Privately Owned Algorithms?

Mine -- down to the integer!!

It’s mine!!  All mine!!

[Image seen on nikadon.com.]

Can one patent abstract ideas?  Or claim equations as intellectual property?

The U.S. Supreme Court will likely make a decision in the near future concerning the constitutional scope of patents.  The decision could have profound implications pertaining to the legality of free software — and possibly have ramifications for fractal software, fractal programmers, and fractal artists.

David Bollier, writing in OntheCommons.org, lays out the dimensions of the court case:

At the heart of the case known as Bilski v. Kappos is a “business method patent” application that sought to obtain a patent for a method of managing the risk of bad weather through commodities trading. Bilski did not build any invention or device, as traditional patents have required; he came up with a method of doing business that orchestrates human knowledge and interactions, for which he believes he deserves a patent.

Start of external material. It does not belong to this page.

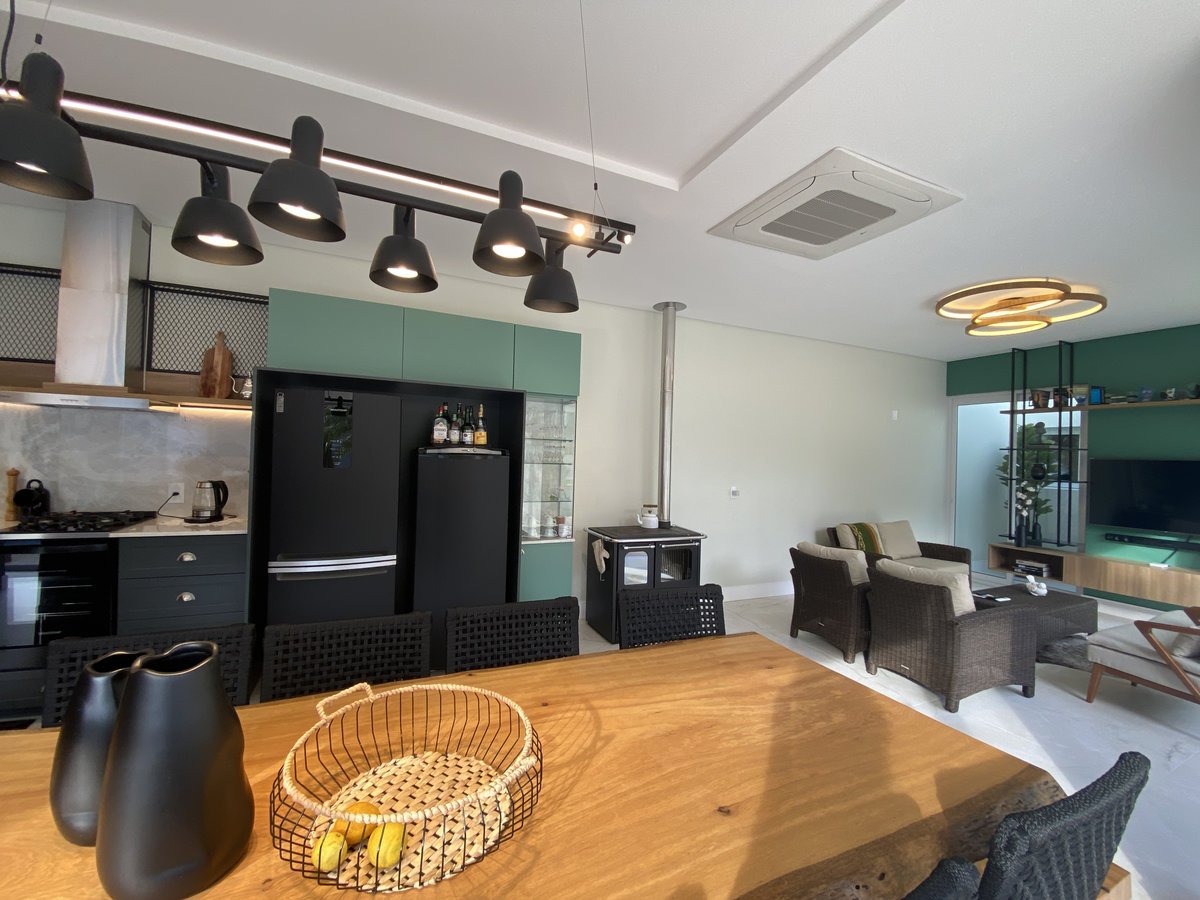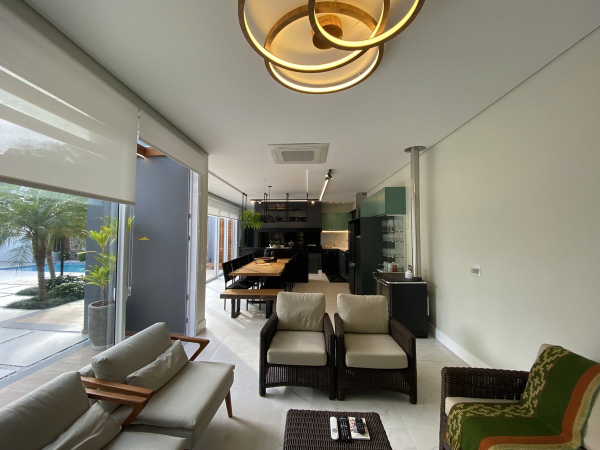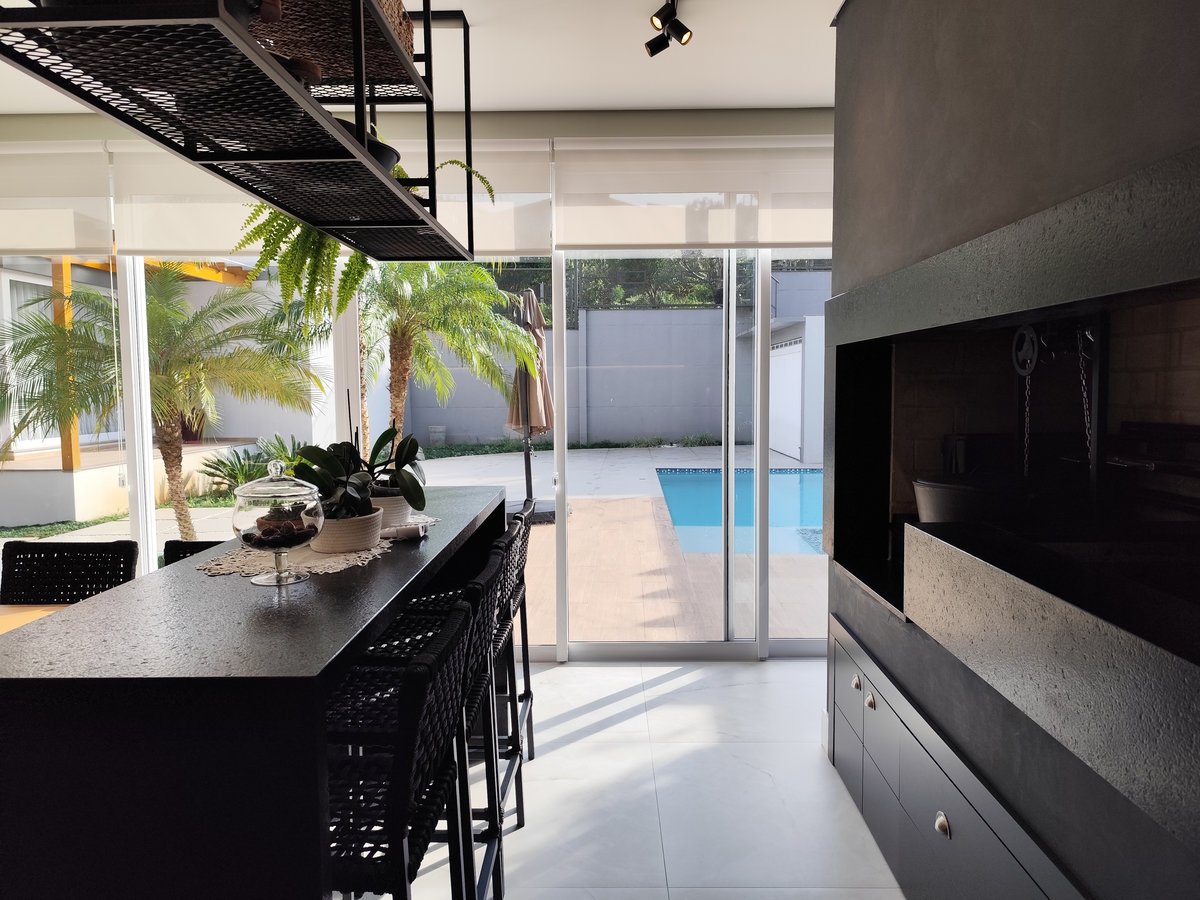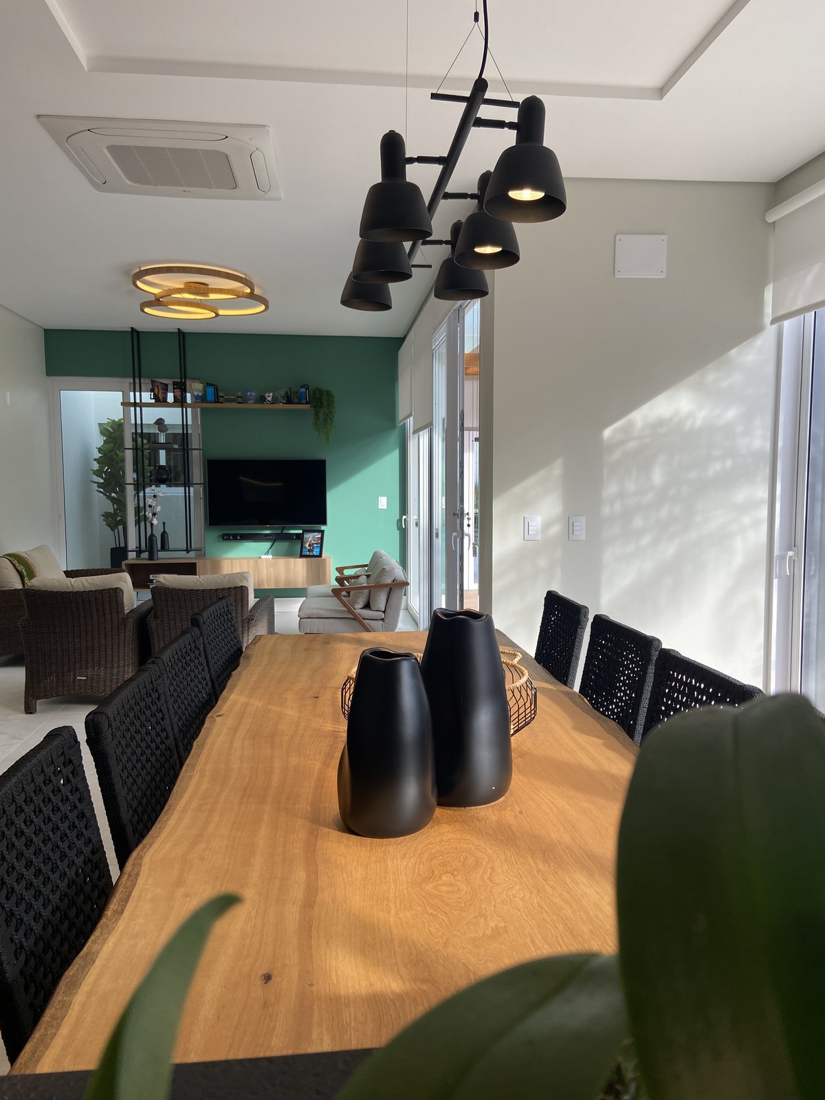 No interior, os espaços se conectam com naturalidade. A cozinha gourmet, o estar e o jantar compartilham o mesmo ambiente, pensado para reunir e acolher. Os tons de verde e preto, combinados à madeira e à iluminação pontual, criam uma atmosfera sofisticada e descontraída — ideal para encontros informais ou celebrações mais elaboradas.

But this is the passage (and question) that caught my eye and caused me to reflect on possible ripple effects in the fractal art community:

But should the government be in the business of granting legally protecting monopolies on abstract ideas such as “business methods” and mathematical algorithms? The outcome of the case is being watched closely by the free software community because it could negatively affect the future of collaboratively developed code.

Can algorithms be privately owned?  Maybe — at least that is what some legal precedents seem to suggest.  Bollier clarifies:

Patents are given out so freely by the U.S. Patent and Trademark Office that companies have the legal rights to all sorts of abstract ideas, some of which may be embedded in software. “One-click shopping” was one of the earliest, most infamous business method patents granted. “If you’re selling online, at the most recent count there are 4,319 patents you could be violating,” said David E. Martin, chief executive of M-Cam Inc., an Arlington, Va.-based risk-management firm specializing in patents.

A key issue in the Bilski case is the appropriateness of granting patents for software and other sorts of collaboratively produced Internet works. It once made sense to grant patent monopolies over inventions developed by individuals or companies, but now that the Internet makes online collaboration so powerful and efficient, should anyone be allowed to privatize collectively generated knowledge and then charge premiums for it?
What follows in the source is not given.